Ian Foster, a pioneer in cloud and high performance computing, was named the 2022 recipient of the Ken Kennedy Award, bestowed annually by the Association for Computing Machinery (ACM) and the Institute of Electrical and Electronics Engineers (IEEE).
Foster, a Distinguished Fellow and director of the Data Science and Learning Division at the U.S. Department of Energy’s (DOE) Argonne National Laboratory, was chosen for “the establishment of new programming models and foundational science services.” He is also the Arthur Holly Compton Distinguished Service Professor in the Department of Computer Science at The University of Chicago.
“I have been blessed to work with so many fantastic collaborators and students during my career — not least Ken Kennedy — and it is deeply fulfilling to see the systems we built used to push forward scientific frontiers in a multitude of fields.” — Ian Foster
The ACM - IEEE CS Ken Kennedy Award recognizes substantial contributions to programmability and productivity in computing and substantial community service or mentoring contributions. Foster will receive the award in November at the 2022 edition of The International Conference for High Performance Computing, Networking, Storage, and Analysis (SC22).
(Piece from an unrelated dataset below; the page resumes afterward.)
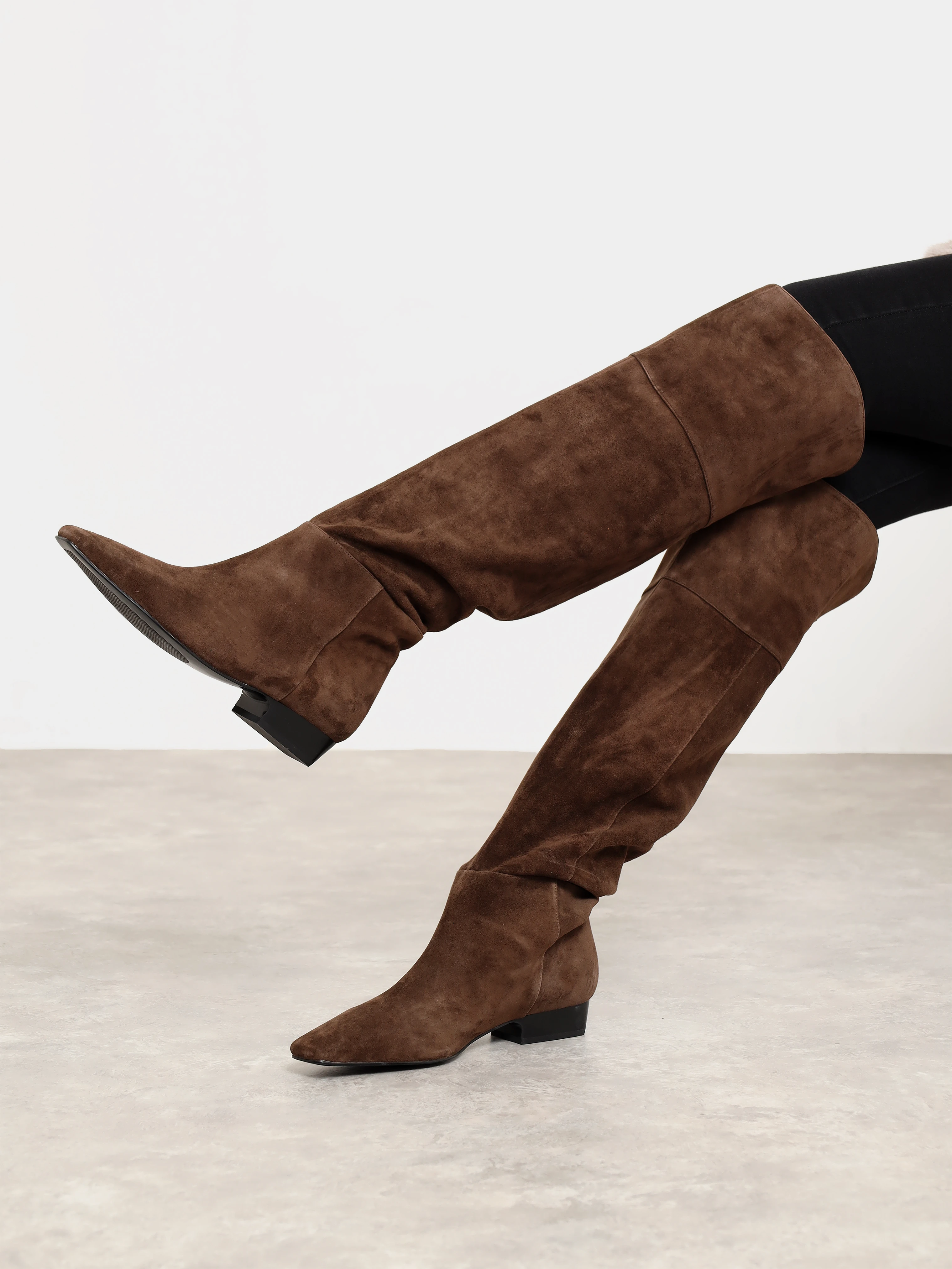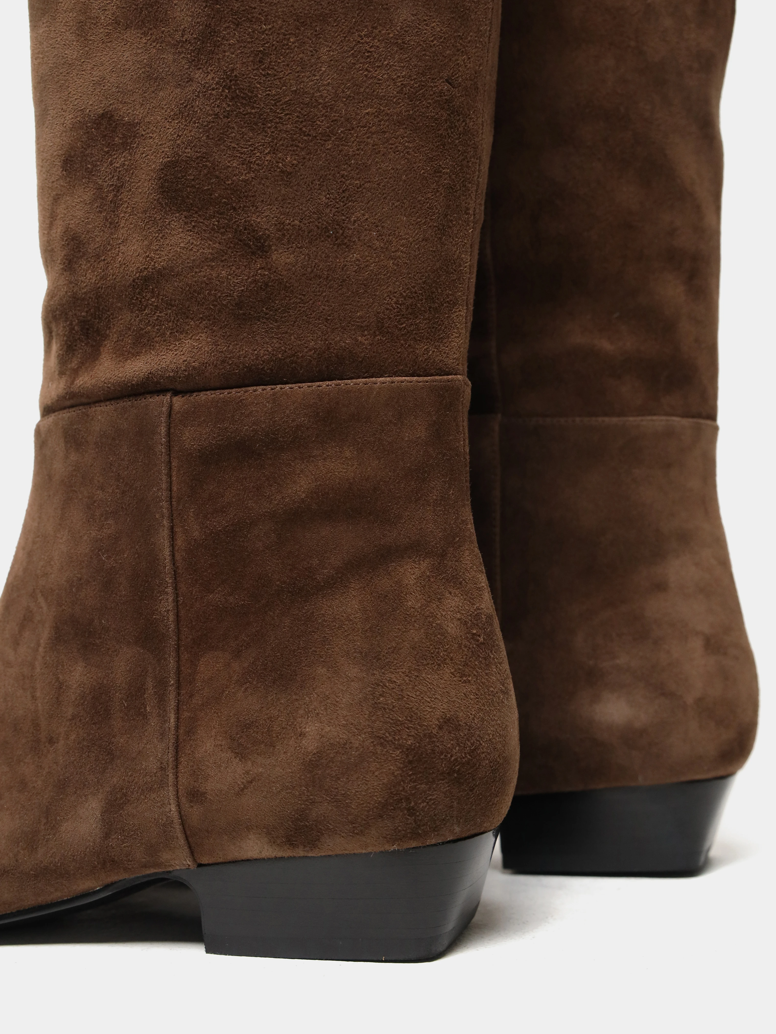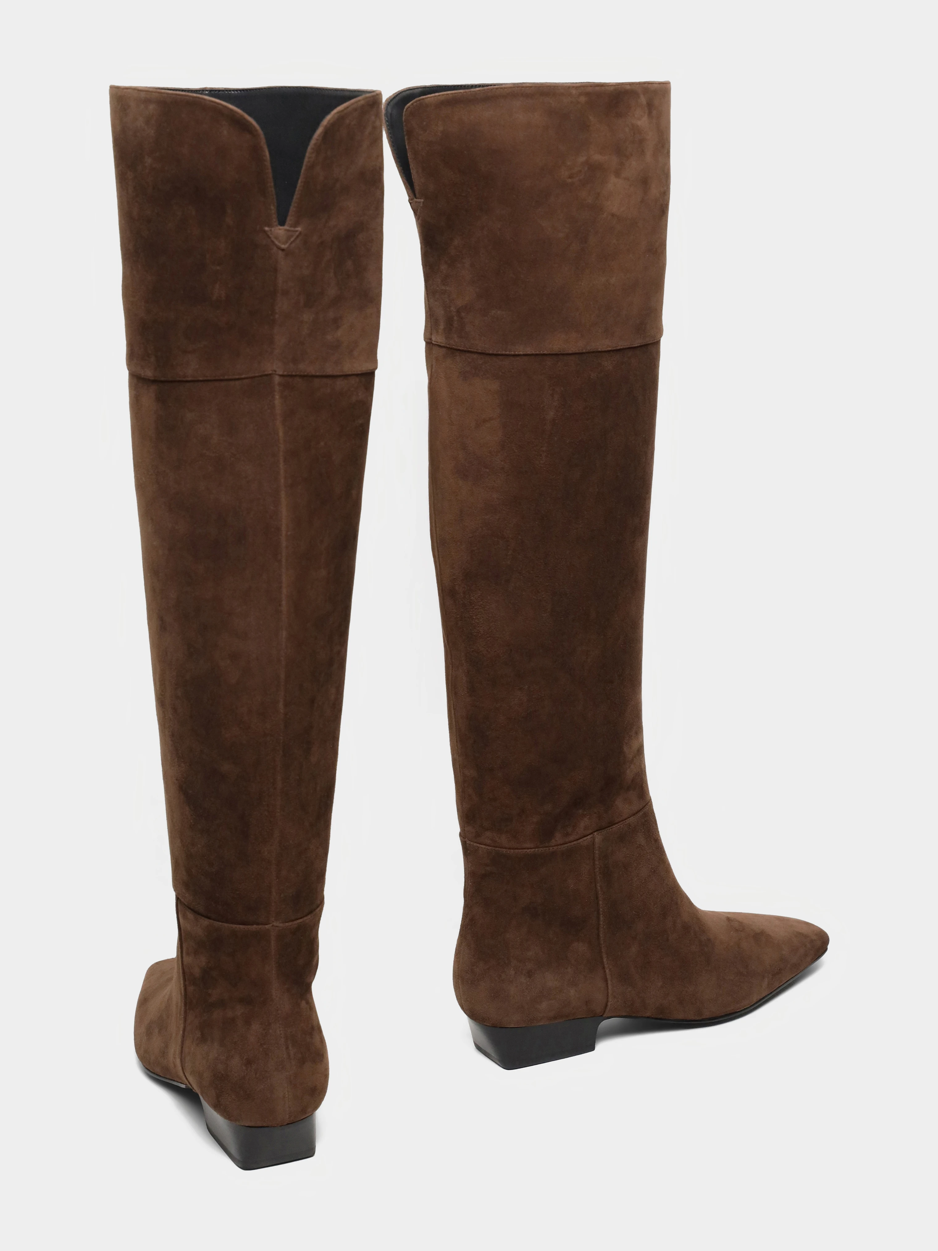 Ботфорты женские демисезонные, цвет коричневый, натуральный велюр

Foster was nominated for the award for several influential projects enabling the use of high performance and distributed computing systems for accelerating scientific discovery in fields ranging from physics, chemistry and astronomy to climate science, biomedicine and materials science. The Globus platform that he founded in 2010 with Steve Tuecke and others today has more than 300,000 registered users in 80 countries. This cloud-based software and services for data-intensive research allows scientists to easily transfer, share and compute on massive datasets.
Globus evolved from innovations by Foster and his colleagues in the field of grid computing, which capitalized upon the early availability of high-speed internet to create coordinated and distributed networks supporting large-scale scientific research. These grids were instrumental for major scientific collaborations such as the observation of the Higgs boson at CERN’s Large Hadron Collider and the science underlying the assessments of the Intergovernmental Panel on Climate Change. Today, grid concepts underpin the cloud that is fundamental to much of modern society.
With colleagues such as Steve Taylor, Carl Kesselman, Mike Wilde and Kyle Chard, Foster has also built new programming languages and systems for high-level parallel computing, including Strand, Nexus, Swift, Parsl and FuncX. Using these tools allows scientists to tap into large and distributed high performance computing resources, splitting up their data and tasks for faster execution.
“I am honored to receive the Ken Kennedy Award from the ACM and IEEE,” Foster said. “I have been blessed to work with so many fantastic collaborators and students during my career — not least Ken Kennedy — and it is deeply fulfilling to see the systems we built used to push forward scientific frontiers in a multitude of fields.”
In addition to his research, Foster has contributed to science as a communicator, educator and mentor. He has authored or co-authored oft-used textbooks on parallel computing, grid computing, data-intensive social science and cloud computing for science and engineering. At the University of Chicago and Argonne, he has advised and managed hundreds of students and early-career research scientists. From 2006 to 2018, Foster directed the Computation Institute, a joint initiative of UChicago and Argonne that developed and applied new computational methods across multiple fields of science and scholarship, and he currently directs Argonne’s Data Science and Learning division.
In addition to the Ken Kennedy Award, Foster has received the IEEE Charles Babbage Award, the Lovelace Medal of the British Computing Society, and the Gordon Bell Prize for High Performance Supercomputing. He is a fellow of the AAAS, ACM, BCS and IEEE, and a DOE Office of Science Distinguished Scientists Fellow.